Sand horses. He meant Buraqi. My heart jumped.
One Buraqi was all it had taken to distract Dustwalk enough for Jin to slip out and blow up the factory. If there was more than one, that could be one hell of a distraction.
“There is no law—” Naguib began.
“No, just the games we play,” General Dumas interrupted him. He took a step forward, and Naguib faltered back. “I earned my first rank because I killed three of your uncles the night of your father’s coup—men who had supported the sinful ways of magic and demons like your grandfather. I am very good at disposing of princes. I am here to find and kill your brother, but I decide who my enemies are, young prince.”
“My father—”
“Your father has more sons than there are hours in the day. I wonder whether he would even notice you were gone?”
General Dumas turned on his heel and walked away. Naguib lingered, and he and Noorsham both watched the general go. When his steps had faded. Naguib spoke again, to Noorsham, too low for me to hear. And then Naguib was gone, too.
I leaned against the wall for a long time, shaking, the last of the light fading around us.
“Amani?” Noorsham called into the dark. I didn’t have much time. Jin would try to come after me soon.
“Noorsham.” I stepped out from the shadows. I could just make him out in the lamplight leaking through the cracks of the door from the yard outside. He looked scared. “Tell me where the prison and the stables are, and I’ll get you out of this.”
? ? ?
I WONDERED IF Jin could see me on my rooftop perch from his.
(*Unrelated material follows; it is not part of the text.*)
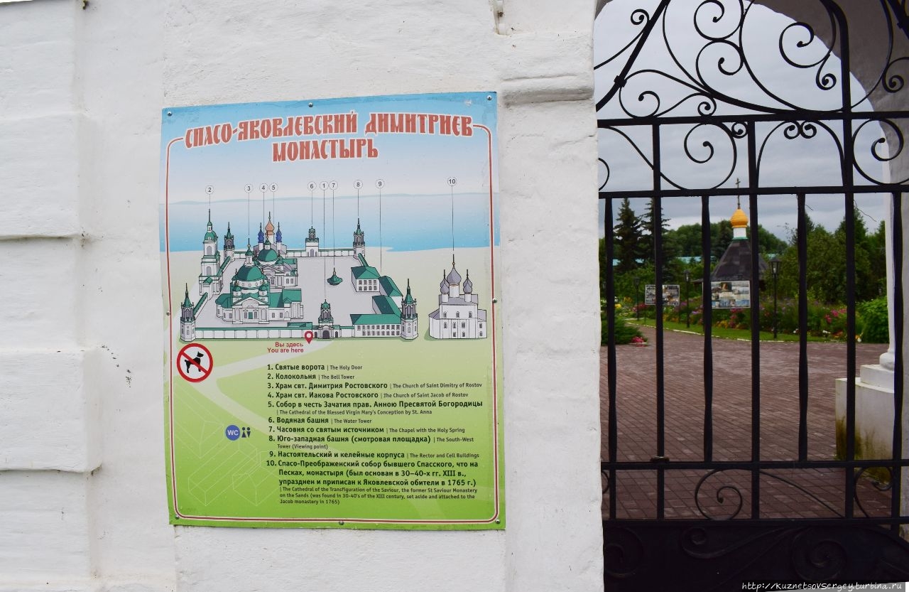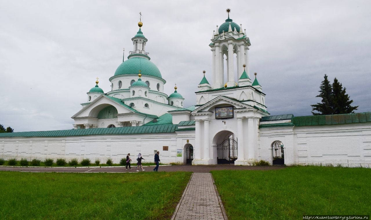 Монастырь находится на берегу озера Неро примерно в трех километрах юго-западнее Ростовского Кремля. На него открываются замечательные виды как со стороны озера, так и с приозерной набережной. Монастырь основан в конце XIV-го века епископом Иаковом. Главный собор монастыря – Собор Святой Анны. Здесь хранятся мощи причисленного к святым Иакова. Вторым собором стал Димитриевский собор. Здесь хранятся мощи святого Димитрия Ростовского. Сюда на богомолье приезжали практически все российские императоры. Уже в начале XX-го веке освящены пещерный храмы Воскресения Христова и Толгской иконы Божией матери.

It was dark now, and even the light of a full moon wasn’t enough to make out a single form plastered on a roof above the barracks with a gun. He’d told me not to do anything stupid. But it was damned stupid of them to leave a window open in the stables. And I’d be damned stupid if I didn’t take advantage of it.
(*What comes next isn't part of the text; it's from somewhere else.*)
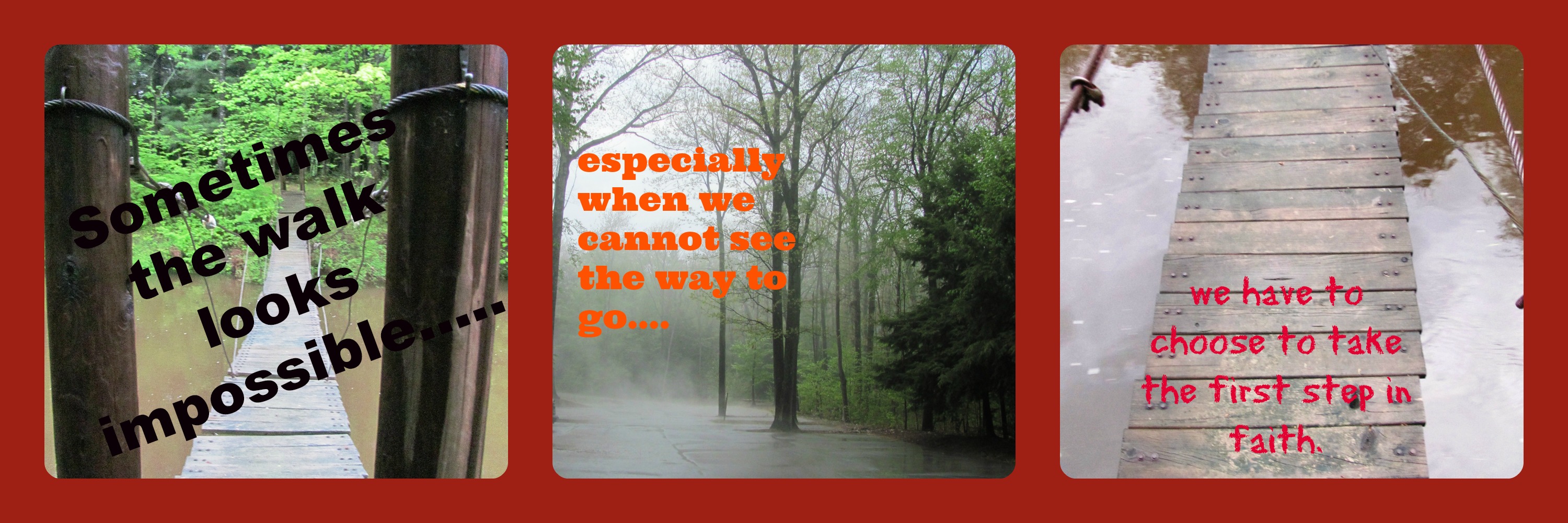 Finding your bridge in the fog and then taking that first step can be tricky. The devil will do everything he can to cause you to stumble. He is good at instilling fear for situations and that is why from the first step on the bridge to the last we have to trust in God to guide our steps. We need to believe in the plan. We need to know we are winners. We need to know that we know that we know that we know God is once again in control. He is really good at making what seems impossible, completely possible….every time.

I gripped the edge of the roof and eased myself off slowly, my foot looking for purchase on the windowsill. More than once, I’d climbed in and out of Tamid’s window with a bruised-up back to trade him one of my hoarded books for some of his pain pills. I could hang on to the edge of the roof the same way I used to hang off Tamid’s window ledge and do just fine. Or at least have about the same chance of cracking my skull open as I did then.